Serverless - Setting up SSL for your serverless app
Overview
In this workshop in the serverless series, we will set up website application to be more sercure in transit by using an SSL certificate. An SSL Certificate allows traffic between a user and a website application hosted on an S3 bucket to be encrypted in transit (in-flight encryption).
The architecture of the web application will look like this:
- AWS Certificate Manager: manage SSL certificates
- Amazon Route 53: provide custom domain
- Amazon CloudFront: allows us to use SSL certificate to serve web with HTTPS
AWS Certificate Manager
AWS Certificate Manager (ACM) handles the complexity of creating, storing, and renewing public and private SSL/TLS X.509 certificates and keys that protect your AWS websites and applications. You can provide certificates for your integrated AWS services either by issuing them directly with ACM or by importing third-party certificates into the ACM management system
Amazon Route 53
Amazon Route 53 is website service for Domain Name System (DNS) in the cloud. This service is highly available and scalable, disigned for developers and businessees, a reliable and cost-effective way of routing for end users as well as Internet applications by switching domains, such as www.example.com to the IP address (192.0.2.1)
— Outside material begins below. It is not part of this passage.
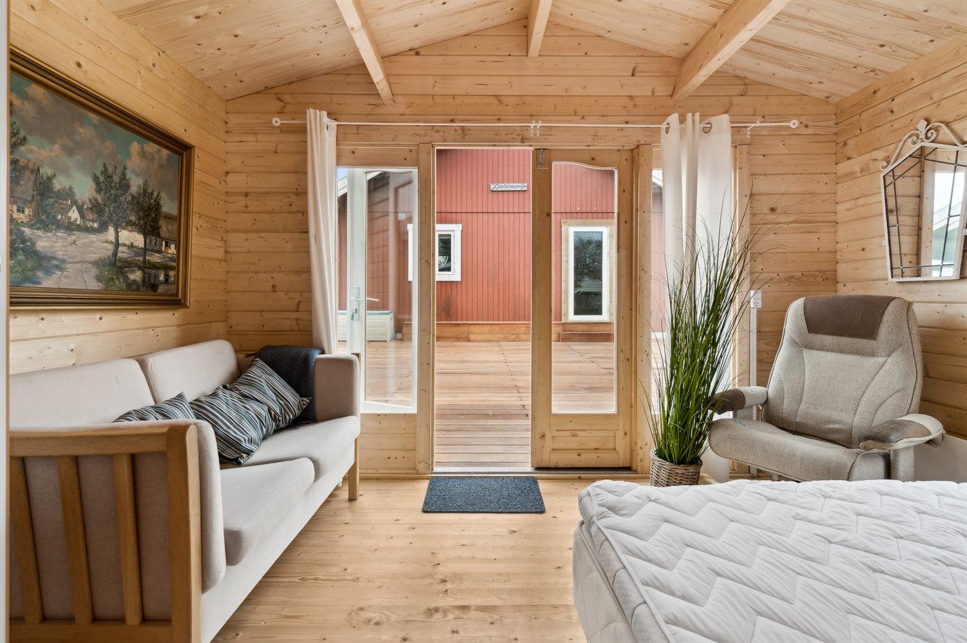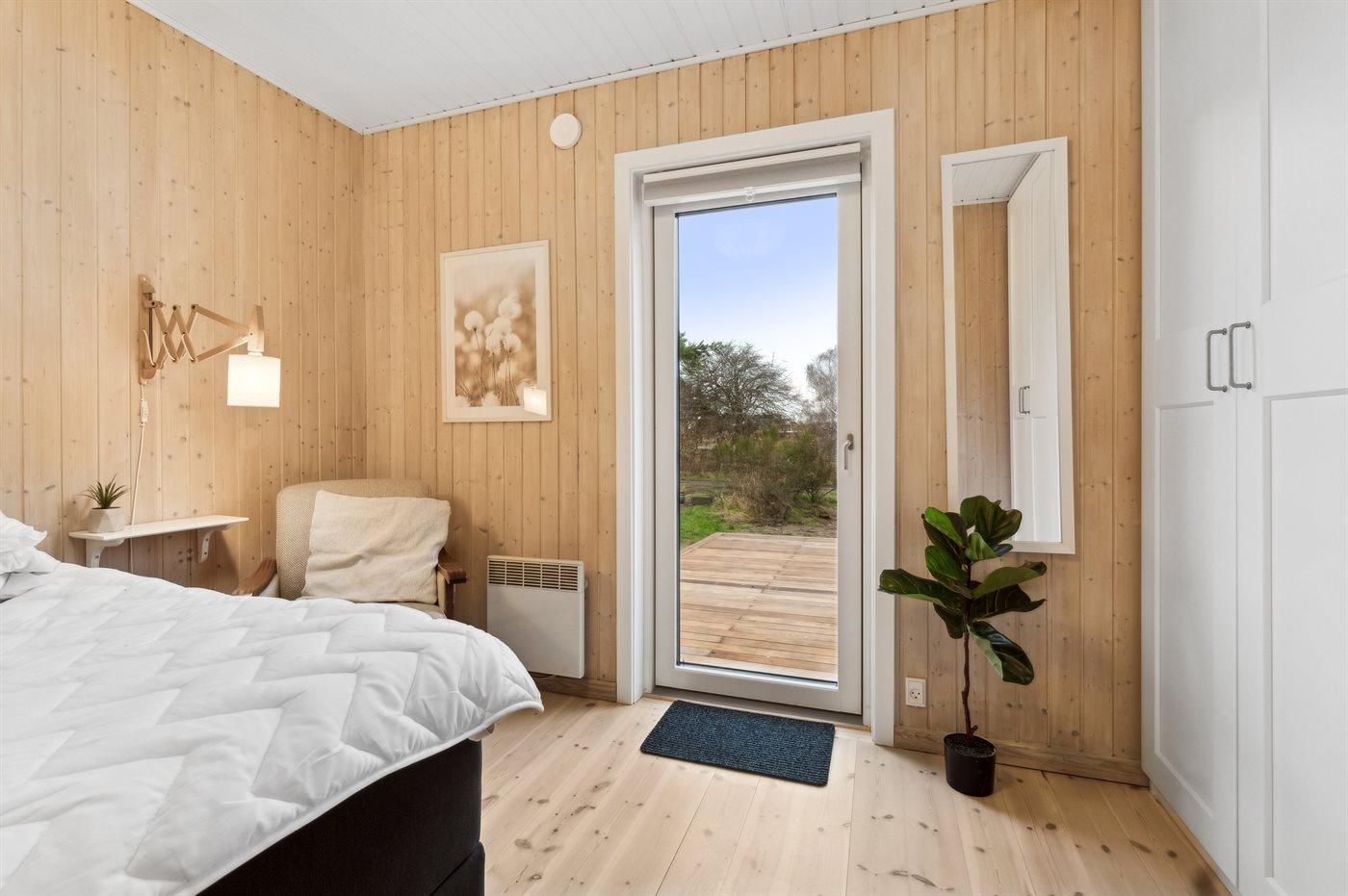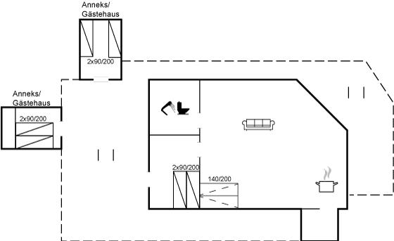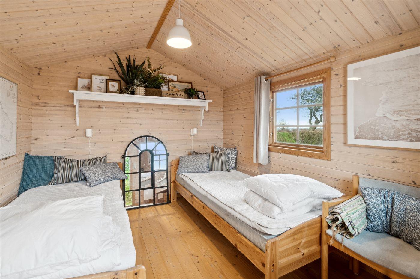 Sovepladserne fordeler sig på ét værelse med dobbeltseng i hovedhuset, én dobbelt sovesofa i opholdsstuen samt to annekser, hvoraf det ene er indrettet med dobbeltseng og det andet med 2 enkeltsenge. Hovedhus og annekser er naturligt bundet sammen af den store terrasse og terrassedøre, der sikrer, at man frit kan bevæge sig rundt.

Some feature of Amazon Route 53:
- Efficiently connect user requests to infrastructure running in AWS – like Amazon EC2 instances, Elastic Load Balancing load balancers, or Amazon S3 repositories
- Routing users to infrastructure outside of AWS
- Configure DNS health checks to route traffic to qualified endpoints
- Independently monitor the health of applications and endpoints
One component that we’ll be using for Route 53 is the Hosted zone - which is a container of records that defines how to route traffic to a domain of its subdomains.
Amazon CloudFront
Amazon CloudFront is a web service that speeds up distribution of your static and dynamic web content, such as .html, .css, .js, and image files, to your users. CloudFront delivers your content through a worldwide network of data centers called edge locations. When a user requests content that you’re serving with CloudFront, the request is routed to the edge location that provides the lowest latency (time delay), so that content is delivered with the best possible performance.
A simple approach for storing and delivering static content is to use an Amazon S3 bucket. Using S3 together with CloudFront has a number of advantages, including the option to use origin access control to easily restrict access to your S3 content.